Trace_Output Off #打印elasticsearch API calls 调试的时候用。
Logstash_Prefix_Key ttt #
Retry_Limit 5 #传输失败后重试次数,默认为2,设置为False时,无限次重试
Logstash
docker run -d -p 5044:5044 --name logstash docker.elastic.co/logstash/logstash:6.7.0
# vi /usr/share/logstash/pipeline/logstash.conf
# 配置详情请参考下面的链接, 记得 output hosts IP 指向 Elasticsearch 的 IP
# Elasticsearch 的默认端口是 9200,在下面的配置中可以省略。
hosts => ["IP Address 1:port1", "IP Address 2:port2", "IP Address 3"]
vi /usr/share/logstash/config/logstash.yml
# 需要把 url 改为 elasticsearch master 节点的 IP
http.host: "0.0.0.0"
xpack.monitoring.elasticsearch.url: http://elasticsearch_master_IP:9200
node.name: "testelk"
pipeline.workers: 4 # same with cores
配置文件
input {
beats {
port => 5044
#ssl => true
#ssl_certificate => "/etc/logstash/logstash.crt"
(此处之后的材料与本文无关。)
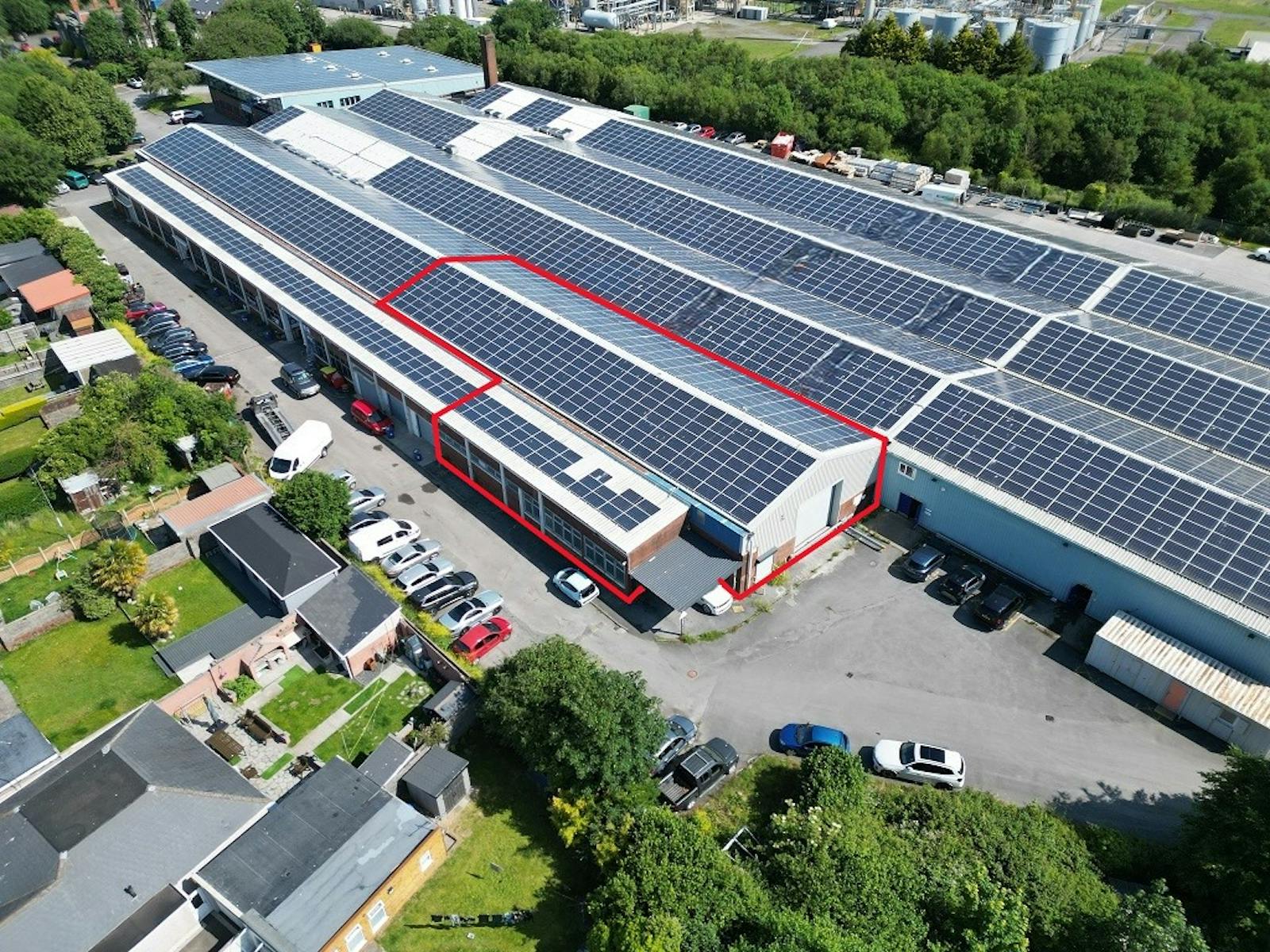 The unit is of steel portal frame construction, with part brick and part clad elevations beneath a pitched roof fitted with solar panels. The property forms an L-shaped configuration and offers versatile warehouse/workshop space.

#ssl_key => "/etc/logstash/logstash.key"
# 1. SSL 详情可参考
}
}
# filter 模块主要是数据预处理,提取一些信息,方便 elasticsearch 好归类存储。
# 2. grok 正则捕获
# 3. grok 插件语法介绍
# 4. logstash 配置语法
# 5. grok 内置 pattern
filter {
grok {
match => {"message" => "%{EXIM_DATE:timestamp}\|%{LOGLEVEL:log_level}\|%{INT:pid}\|%{GREEDYDATA}"}
# message 字段是 log 的内容,例如 2018-12-11 23:46:47.051|DEBUG|3491|helper.py:85|helper._save_to_cache|shop_session
# 在这里我们提取出了 timestamp log_level pid,grok 有内置定义好的 patterns: EXIM_DATE, EXIM_DATE, INT
# GREEDYDATA 贪婪数据,代表任意字符都可以匹配
}
# 我们在 filebeat 里面添加了这个字段[fields][function] 的话,那就会执行对应的 match 规则去匹配 path
# source 字段就是 log 的来源路径,例如 /var/log/nginx/feiyang233.club.access.log
# match 后我们就可以得到 path=feiyang233.club.access
if [fields][function]=="nginx" {
grok {
match => {"source" => "/var/log/nginx/%{GREEDYDATA:path}.log%{GREEDYDATA}"}
}
}
# 例如 ims 日志来源是 /var/log/ims_logic/debug.log
# match 后我们就可以得到 path=ims_logic
else if [fields][function]=="ims" {
grok {
match => {"source" => "/var/log/%{GREEDYDATA:path}/%{GREEDYDATA}"}
}
}
else {
grok {
match => {"source" => "/var/log/app/%{GREEDYDATA:path}/%{GREEDYDATA}"}
}
}
# filebeat 有定义 [fields][function] 时,我们就添加上这个字段,例如 QA
if [fields][function] {
mutate {
add_field => {
"function" => "%{[fields][function]}"
}
}
}
# 因为线上的机器更多,线上的我默认不在 filebeat 添加 function,所以 else 我就添加上 live
else {
mutate {
add_field => {
"function" => "live"
}
}
}
# 在之前 filter message 时,我们得到了 timestamp,这里我们修改一下格式,添加上时区。
date {
match => ["timestamp" , "yyyy-MM-dd HH:mm:ss Z"]
target => "@timestamp"
timezone => "Asia/Singapore"
}
# 将之前获得的 path 替换其中的 / 替换为 - , 因为 elasticsearch index name 有要求
# 例如 feiyang/test feiyang_test
mutate {
gsub => ["path","/","-"]
add_field => {"host_ip" => "%{[fields][host]}"}
remove_field => ["tags","@version","offset","beat","fields","exim_year","exim_month","exim_day","exim_time","timestamp"]
}
# remove_field 去掉一些多余的字段
}
# 单节点 output 就在本机,也不需要 SSL, 但 index 的命名规则还是需要非常的注意
output {
elasticsearch {
hosts => ["localhost:9200"]
index => "sg-%{function}-%{path}-%{+xxxx.ww}"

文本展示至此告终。